The `Zero` indicates that we don't add any light. Even if the shadow is too dark, no light should be added; instead, the alpha component should be reduced in the fragment shader, e.g. by multiplying it with a factor less than 1. For an independent modulation of the color components in the framebuffer, we would require `Blend Zero SrcColor` or `Blend Zero OneMinusSrcColor`.
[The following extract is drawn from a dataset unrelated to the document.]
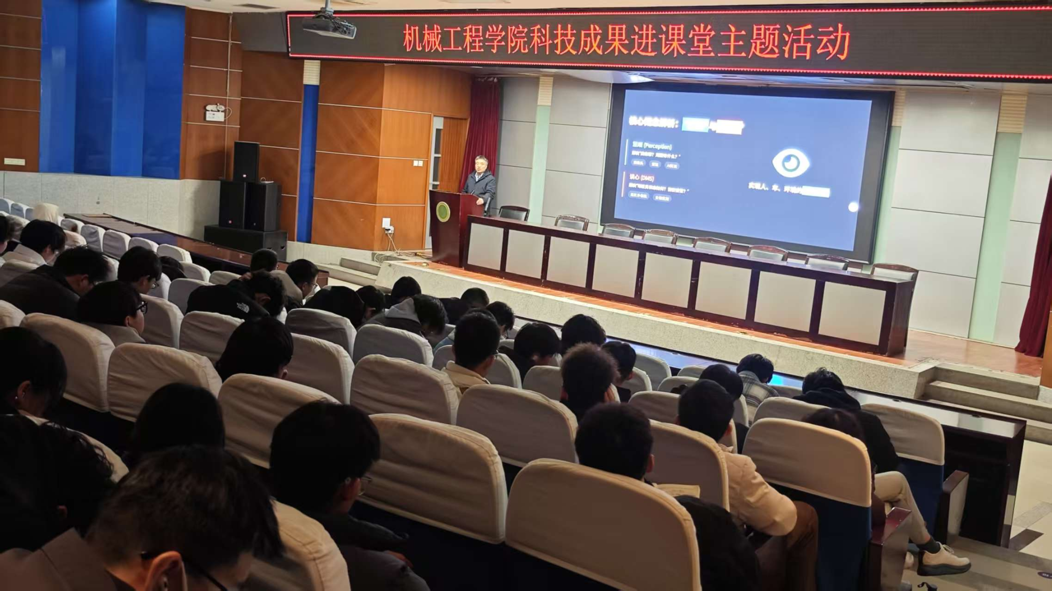 报告第二阶段,赵栓峰教授以《新能源车辆的 “慧眼” 与 “读心术”— 无人驾驶环境感知与驾驶人状态监测技术》为题做报告。他围绕车辆工程 “电动化、智能化” 变革核心,从多源传感器的物理机理与数据特性切入,对比分析了视觉主导、多模态融合等主流技术路线的性能边界。通过 BEVFormer、Occupancy Network 等深度学习模型应用案例,深入解析了高精度目标检测与语义分割等前沿算法如何实现感知精度与实时性的平衡,并延伸介绍了驾驶人行为识别、疲劳监测、人机共驾决策等关键工程环节,前瞻性探讨了大模型知识驱动、舱驾一体中央计算架构等下一代技术发展趋势,凸显了环境感知与状态监测系统在无人驾驶领域的 “慧眼” 与 “读心” 核心价值。本次报告会主题突出、信息饱满且案例鲜活,兼具理论深度与实践指导性强,助力学生开阔视野,增强对行业前沿的认识和了解,进一步坚定学科自信和成才自信。

The different blend equation is actually about the only change in the shader code compared to the version for adding light:

```Shader "GLSL projector shader for drop shadows" {
Properties {
_ShadowTex ("Shadow Shape", 2D) = "white" {}
}
Pass {
Blend Zero OneMinusSrcAlpha // attenuate color in framebuffer
// by 1 minus alpha of _ShadowTex

GLSLPROGRAM

// User-specified properties

// Projector-specific uniforms
uniform mat4 _Projector; // transformation matrix
// from object space to projector space

varying vec4 positionInProjSpace;
// position of the vertex (and fragment) in projector space

#ifdef VERTEX

void main()
{
positionInProjSpace = _Projector * gl_Vertex;
gl_Position = gl_ModelViewProjectionMatrix * gl_Vertex;
}

#endif

#ifdef FRAGMENT

void main()
{
if (positionInProjSpace.w > 0.0) // in front of projector?
{
gl_FragColor = texture2D(_ShadowTex ,
vec2(positionInProjSpace) / positionInProjSpace.w);
// alternatively: gl_FragColor = texture2DProj(
}
else // behind projector
{
gl_FragColor = vec4(0.0);
}
}

#endif

ENDGLSL
}
}
// The definition of a fallback shader should be commented out
// during development:
// Fallback "Projector/Light"
}
```

### SummaryEdit

Congratulations, this is the end of this tutorial. We have seen:

• How Unity's projectors work.
• How to implement a shader for a projector to add light to objects.
• How to implement a shader for a projector to attenuate objects' colors.